--- Data block Enclosed Below ---

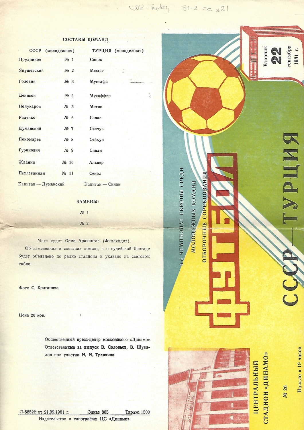 Russia U-21 v Turkey U-21 Football Programme 1981
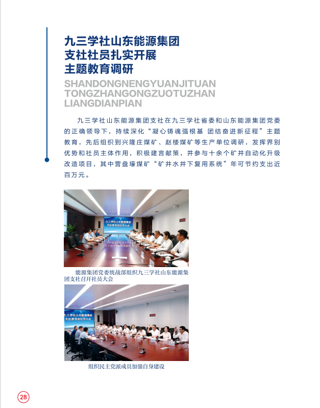 在企业发展中展现九三力量。发挥界别优势和社员主体作用,积极建言献策,经过深入调研,提交的《关于推动经济社会发展绿色转型的意见建议》提案,得到有关部门高度重视和积极反馈。围绕山东能源集团改革发展中心工作,开展“九企”合作,有力有序推进合作协议落实落地。山东能源集团支社作为创新案例,在省属企业统战工作推进会上,作为工作亮点进行了展示。
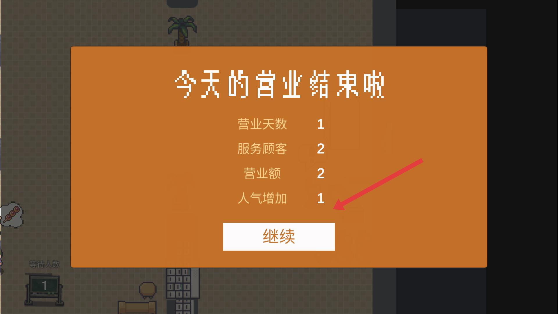 4、一天营业结束后,会显示营业天数、服务顾客数、营业额和人气增加等信息,点击继续按钮,开启下一天的营业。

--- End of Enclosed Data block ---

Task to complete »
Top to bottom, retype the listing exactly but drop every picture.

Exercise result »
 Russia U-21 v Turkey U-21 Football Programme 1981
 在企业发展中展现九三力量。发挥界别优势和社员主体作用,积极建言献策,经过深入调研,提交的《关于推动经济社会发展绿色转型的意见建议》提案,得到有关部门高度重视和积极反馈。围绕山东能源集团改革发展中心工作,开展“九企”合作,有力有序推进合作协议落实落地。山东能源集团支社作为创新案例,在省属企业统战工作推进会上,作为工作亮点进行了展示。
 4、一天营业结束后,会显示营业天数、服务顾客数、营业额和人气增加等信息,点击继续按钮,开启下一天的营业。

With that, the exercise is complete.